3. How does my age affect my insurance policy?

Age plays a major role in determining both your premium and coverage eligibility. Younger individuals typically get lower premiums and fewer restrictions, while older individuals may face higher premiums, co-payment clauses, or medical tests before policy approval. This is why it is always advisable to buy insurance early, as it not only saves money but also provides broader coverage options.

4. Can my insurance policy be cancelled after purchase?

Yes, most insurance policies can be cancelled within a specific period known as the “free-look period,” which is usually 15 to 30 days from the date of purchase. During this time, you can review the policy details and cancel it if you are not satisfied, subject to certain deductions. After this period, cancellation rules may vary, and refunds may be limited depending on usage and policy terms.

5. What is the role of a nominee in an insurance policy?

A nominee is the person you appoint to receive the claim amount in case of your death (in life insurance) or in certain other scenarios. Choosing the right nominee is important to ensure that the benefits reach the intended person without legal complications. It is also advisable to update nominee details whenever there are major life changes such as marriage or family additions.

6. Does insurance coverage start immediately after purchase?

Not always. While some benefits, such as accident coverage, may start immediately, others are subject to waiting periods or specific conditions. Additionally, policies are only activated after successful payment and verification. It is important to check the start date and activation details to avoid confusion about when your coverage actually begins.

7. What factors should I consider while choosing an insurance company?

Choosing the right insurer is just as important as choosing the right policy. You should consider factors such as claim settlement ratio, customer reviews, ease of claim process, availability of customer support, and network coverage. A reliable insurer ensures that your claims are handled efficiently and without unnecessary delays.

8. Can I have multiple insurance policies at the same time?

Yes, you can hold multiple insurance policies, especially in the case of health or life insurance.
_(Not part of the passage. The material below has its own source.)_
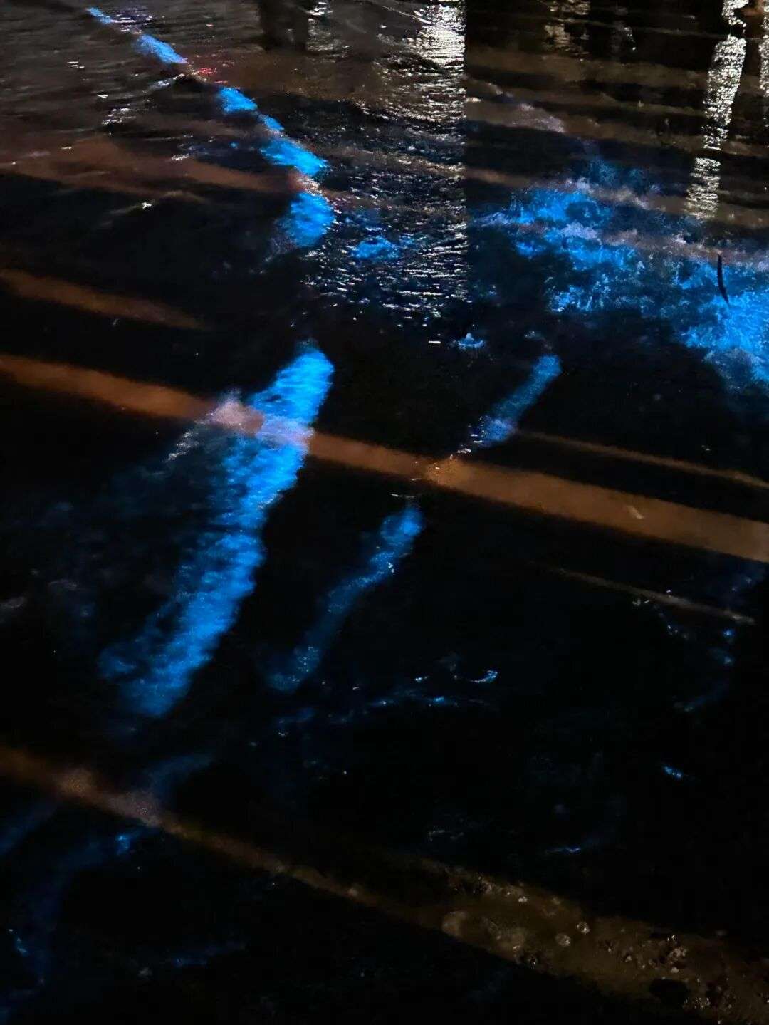 “昨晚上看到帖子立刻冲去St Kilda pier,走到比较黑的桥那边开始洒水,结果真的有!肉眼特别特别蓝,手机还能拍出来!”

For example, having more than one health policy can provide additional coverage if one policy’s sum insured is exhausted. However, it is important to disclose all existing policies to insurers and understand how claims will be coordinated between them.
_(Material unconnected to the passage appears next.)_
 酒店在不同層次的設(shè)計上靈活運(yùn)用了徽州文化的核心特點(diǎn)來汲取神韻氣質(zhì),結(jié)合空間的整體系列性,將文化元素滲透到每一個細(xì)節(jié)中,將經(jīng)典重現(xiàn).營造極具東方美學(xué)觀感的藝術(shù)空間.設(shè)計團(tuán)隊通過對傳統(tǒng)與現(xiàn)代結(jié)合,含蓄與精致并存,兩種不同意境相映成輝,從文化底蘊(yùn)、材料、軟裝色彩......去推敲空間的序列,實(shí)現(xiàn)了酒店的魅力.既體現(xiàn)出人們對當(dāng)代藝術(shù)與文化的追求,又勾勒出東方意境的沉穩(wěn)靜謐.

9. What happens if I provide incorrect information while buying insurance?

Providing incorrect or incomplete information can lead to serious issues, including claim rejection or policy cancellation. Insurance companies rely on the details you provide to assess risk, so any misrepresentation, even if unintentional, can affect your coverage. It is always best to be completely honest and accurate when filling out policy details.

10. How does inflation impact my insurance coverage?

Inflation, especially in healthcare and repair costs, can significantly reduce the effectiveness of your insurance coverage over time. A sum insured that seems sufficient today may not be enough a few years later. This is why it is important to review your policy periodically and increase coverage if needed to keep up with rising costs.

11. Can I transfer my insurance policy to another provider?

Yes, in some cases, you can transfer or “port” your insurance policy to another insurer, especially in health insurance. This allows you to switch providers without losing certain benefits like waiting period credits. However, portability comes with conditions and timelines, so it is important to plan the transition carefully.

12. What should I do immediately after purchasing an insurance policy?

After purchasing a policy, you should carefully review all documents, check coverage details, verify personal information, and save both digital and physical copies. It is also helpful to inform family members about the policy and how to access it in case of an emergency. Taking these steps ensures that you are fully prepared to use your insurance when needed.